Он долго смотрел в окно вслед уходившей Тосе — не на то, как она ловко, молодо и сноровисто перепрыгивает через сугробы и как мелькают среди белого, сахаристо искрящегося на предзакатном солнце снега ее пухлые ноги, обутые в черные, много раз подшитые валенки, а как она держит под мышкой его зеленую папку. Когда Тося скрылась за срубом углового деревянного дома, дядя едва удержался от того, чтобы не броситься в погоню и отобрать свою драгоценность.
— Так, блажь какого-то маляра, — пробурчал он: все, что не относилось к геологии, было ему чуждо. — И не дай ей господь потерять папку!
Дядя провел бессонную ночь, будто папка и впрямь была уже потеряна. Он не знал, что этой ночью почти не сомкнул глаз и Легостаев, весь оказавшийся во власти беспокойных дум, охвативших его, когда Тося закончила читать содержавшиеся в папке материалы.
Сперва ему хотелось узнать о поисках нефти в Сибири только по той абсолютно ясной причине, что этой работой занималась Ирина. Но после того как Тося познакомила его с материалами, дотоле вовсе ему не известными, он понял, что дело тут не только в Ирине: его захватило и покорило предчувствие небывалых открытий, у истоков которых она, его (да-да, его) Ирина, стоит, и ощутил прямую сопричастность своей судьбы с судьбой этого сурового края, в который занесла его война.
В самом деле, то, о чем читала ему Тося, было удивительно, увлекало своей загадочностью, извечным и непреодолимым желанием человека отгадать тайну. За скупыми строками он вдруг увидел борьбу людей: ученых, геологов, журналистов — всех, кто был причастен к этой борьбе. И борьба эта словно океанской волной накатывалась на скалу, где высечен был один-единственный вопрос, похожий на «Быть или не быть?», — «Есть нефть в Сибири или нет?»
Чего только не было в этой папке! Цитаты из книги Палласа «Путешествие по разным местам Российского государства» и из словаря Брокгауза и Ефрона, выписки из докладов академика Губкина и вырезки из местных и центральных газет, письма геологов.
Словарь Брокгауза и Ефрона откровенно, без ложной стеснительности, признавал, что в геологическом отношении Тобольская губерния — чистый лист бумаги, но, видимо, ради своего же престижа сообщал читателю собранные по крохам данные о некоторых местных полезных ископаемых.
В крохотном списке этих ископаемых не оказалось одного названия, ставшего теперь главным, — нефть.
Тося читала материалы один за другим, между ними не было никакой связи, и Легостаев с сожалением подумал: как было бы хорошо, если бы их комментировал ее дядя-геолог.

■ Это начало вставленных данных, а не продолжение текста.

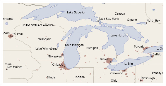 - Visually center and increase the letter-spacing of labels within area features to reinforce their size/shape.

Из тысяча девятьсот одиннадцатого года Тося перескочила в тысяча девятьсот тридцать второй, когда академик Губкин сказал:
«Сейчас надо поставить вопрос о поисках нефти на восточном склоне Урала».
А сибирская нефть уже сама, не выдержав тысячелетнего долготерпения, шла на помощь человеку, просила заприметить ее. У селения Юган со дна реки через каждые пятнадцать минут выбрасывается клубок темной маслянистой жидкости, и в бульканье его словно бы слышится признание: «Я — нефть!» Вдоль берега идет широкая полоса маслянистой пленки: «Я — нефть!» На реке Белой колхозники ловили рыбу. Пришел невод не с одною рыбой — с пучком травы, пропитанной маслянистой жидкостью. И здесь: «Я — нефть!» И наконец, отклик молчавших доселе людей: «Наша цель — найти место выхода нефти» — шапка Сургутской районной газеты «Колхозник». «Заложено 32 скважины» — опять же газета «Колхозник», весна тридцать пятого года…
Легостаев вслушивался в совершенно новые, незнакомые ему термины: юрские отложения, нефтяная фация, эпоха девона, эпоха верхнего карбона и нижней перми, эпоха верхней перми и триаса. Казалось, они ни о чем не говорили ему, эти термины, и в то же время говорили о главном: за ними стояла нефть!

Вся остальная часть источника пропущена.